Aber natürlich lässt sich visuelle Kreativität nicht allein auf neuronale Prozesse im rechten parietalen Kortex reduzieren – dazu ist der Prozess viel zu komplex. Vermutlich ist ein ganzes Netzwerk aus sich gegenseitig aktivierenden und hemmenden Regionen involviert. Die beschriebenen linken temporalen und rechten parietalen Bereiche spielen zwar durchaus eine zentrale Rolle, aber auch andere Gehirnregionen sind an dem Prozess beteiligt. Der so genannte dorsolaterale präfrontale Kortex beispielsweise könnte als eine Art Schaltstelle dienen, die zwischen den eher konzeptuellen Prozessen des Kunstschaffens und der Bildwahrnehmung in den hinteren Gehirnbereichen vermittelt.

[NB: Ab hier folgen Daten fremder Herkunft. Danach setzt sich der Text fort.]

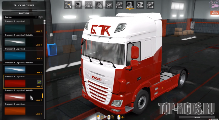 Скин "Transport & Logistics" для своего стандартного прицепа, своего прицепа Krone и грузовика DAF XF Euro 6.

Es scheint auch naheliegend, dass nicht jede Form von Kunst auf den gleichen neuronalen Prozessen beruht. Die Tatsache, dass Patienten mit primärer progressiver Aphasie oft erstaunliche Kunstwerke hervorbringen, heißt beispielsweise nicht, sprachliche Areale würden für das Schaffen visueller Kunst grundsätzlich keine Rolle spielen. Welchen Einfluss semantische Fähigkeiten auf die Kunstherstellung entfalten können, zeigt der 1991 von Bozydar Kaczmarek beschriebene Fall des polnischen Künstlers Richard L., der Bilder von starker symbolischer Aussagekraft malte. Durch einen Schlaganfall in der linken Hemisphäre, der ihm die Sprachfähigkeit raubte, verlor Richard L. seine Begabung zur symbolischen Kunst. Seine Fähigkeit, Landschaften oder Menschen abzumalen, blieb jedoch erhalten.

Teils spiegelten die Kunststile der Betroffenen subtile Unterschiede in den Krankheitsbildern wider, erklärt Miller. Je nachdem welchen Charakter eine Sprachstörung hat, ob sie eher das Benennen von Gegenständen oder die Aussprache betrifft, änderten sich die Bilder der Patienten: Erstere malten eher realistisch, Letztere abstrakt und expressiv.

Das Forschungsgebiet von Miller und seinen Kollegen kämpft noch immer mit erheblichen Schwierigkeiten – es gibt zu wenig gut dokumentierte Fälle, und jede Analyse ist mit viel Subjektivität behaftet. Doch sicher ist, dass ihre Untersuchung der Wissenschaft auf lange Sicht dabei helfen könnte, die Kreativität des menschlichen Gehirns zu erklären. Und das macht die Kunst von Patienten wie Anne Adams auf gewisse Weise gleich doppelt inspirierend.